Have any Ex JWs married person of another faith?

by Stacey 8 Replies latest jw friends

  • Stacey
    Stacey

    I'm just curious to see how this has worked out for people. Has anyone married a Christian? Catholic? Buddhist? Any other religion?

    My situation is that I was born & raised a JW, left at age 17. I did the Christian route for about 5 years, and got turned off by that. I'm now 31 and have not been involved in any church of any sort for 4+ years. I am not against religion these days (I was for awhile). I still believe in a Creator, I'm just really not up for guessing what that Creator wants from us. That's a whole seperate story.

    At this point in my life I have met a man who I want to spend my life with. He was born & raised Catholic. He's not "die-hard" into his religion, but he attends Mass a couple of Sundays a month. I go with him every once in awhile. I've told him that I dont think I'll ever join his religion in heart. He wants to be married in his church. And I'm considering it, because religion is really not that big of a deal to me anymore. I can go without it, but I also think there's nothing wrong with attending every once in awhile. And honestly, I'd be ok with my kids learning it. They will always know from me, that there are other options and that they will be able to choose. He's aware of my views.

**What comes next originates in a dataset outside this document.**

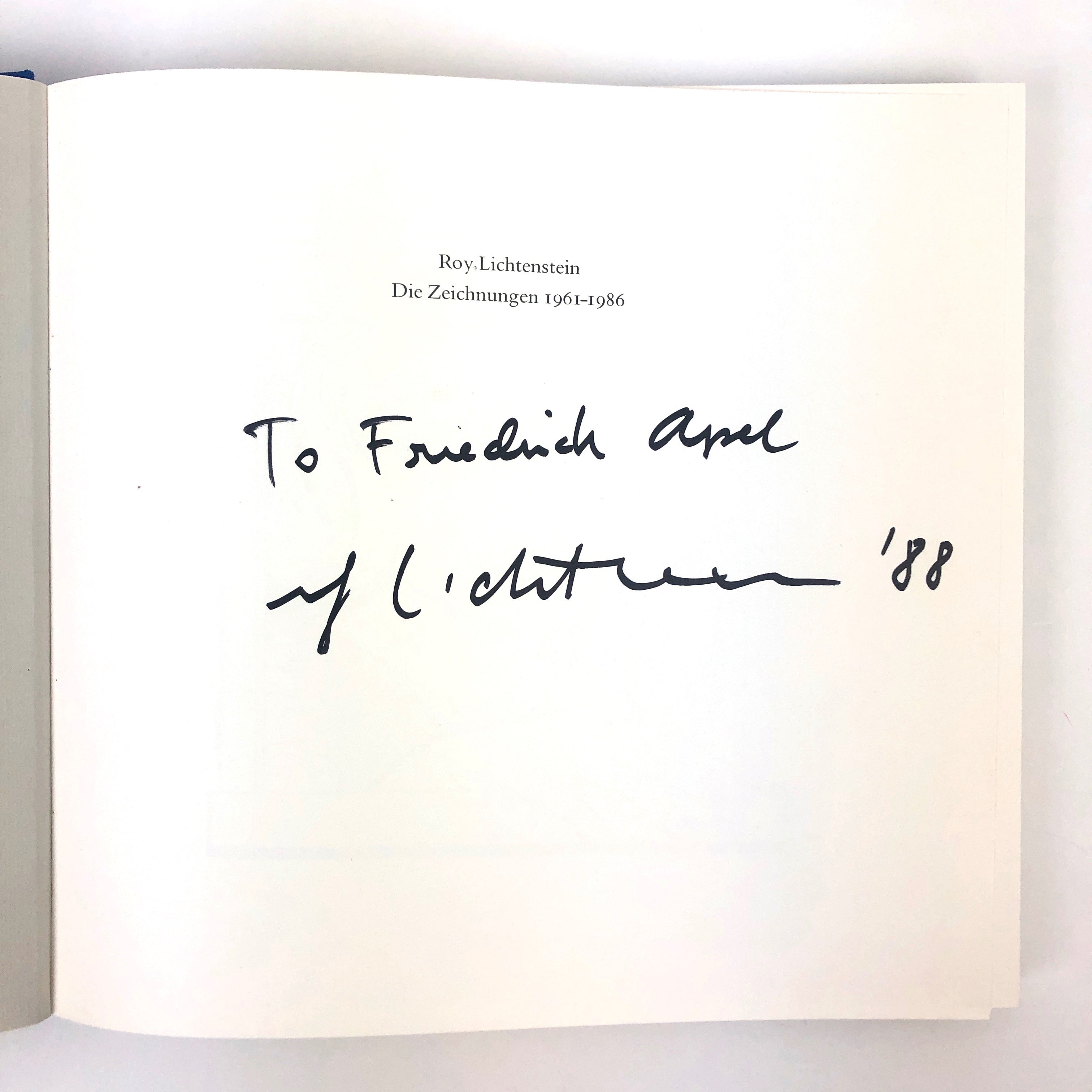 Collection of the American pop artist's drawings from 1961 to 1986, signed and inscribed by the artist on the half-title: "To Friedrich Apel / Roy Lichtenstein '88." 201,(1) pp. Oblong 8vo. Hardcover, blue cloth, dust jacket with detail of one of Lichtenstein's drawings. Some light edge wear to dust jacket, but overall very fine. 10 x 9.5 inches (26 x 24 cm).

    Anyways, I'm mostly just seeing if there is anyone else out there who has my similar beliefs and is with a person that is a part of a religion.

    Thanks!

  • jschwehm
    jschwehm

    Hi Stacey:

    I do not think you actually have to join the Catholic Church in order to be married in it. I would talk to his priest about that. However, you can go through the Rite of Christian Initiation (RCIA) program which is a class that teaches you about the Catholic faith. That is the normal way someone joins the Catholic Church. I know some have taken the (RCIA) classes without actually joining so as to learn more about the faith and then they have gotten married in the Church. There are a variety of options opened to you. I sent you a private message with more info.

    Jeff Schwehm

  • Phil
    Phil

    Most of my siblings were married to Protestants. When they got married in the Catholic Church it was in a separate part of the church building. The Protestant has to swear to bring up the children as Catholics. Aside from that there is no problem. If you never go to church after you are married I doubt if you will ever see a priest. Perhaps in a small town. Maybe. I was brought up a Catholic and married a Protestant. I have had no problem with either the Protestants or the Catholics. Generally, the church goers as well as the Priests and Ministers are nice pleasant people. My advice, don't let that stop you. There are certainly a lot of other things to worry about that are more important.

    As you said, it is difficult to know what God really wants. I concur.

    The biggest mistake you can make is to marry a JW.

  • Phil
    Phil

    Slight correction. There is only one divorce in my family. That was my only brother and he married a Catholic in the Catholic church. He remarried in the Protestant church with his second wife.

  • rekless
    rekless

    YES, a Lutherian

  • Hamas
    Hamas

    No, but the pull of my lady brings that day ever closer, man.

  • berylblue
    berylblue

    PM about her, Hamas. I would love to hear this. You do realize she has to pass my inspection, of course.

  • Athanasius
    Athanasius

    Haven't remarried yet, but have dated women of other faiths.

  • kyria
    kyria

    The man I married used to be in a cult as well! It was called "The Process" and they did a lot of psychic stuff like remote viewing and mind reading. I think they were a lot bigger in England than in the States (an industrial group called Skinny Puppy has a whole album devoted to them), but he was involved in them in Chicago in the 1970's. They preyed on him when he was a shy and skinny 18 year old.

    We actually had a couple of heated arguments over it, I think because I desperately wanted him to admit that the cult had taken advantage of him, but all he would say is that he thought it had been good for him at that time, but it no longer was. I've since lightened up a bit (I was more in my JW "anger" stage at that point), but I don't think he's fully come to terms with the fact that he was taken advantage of by a cult.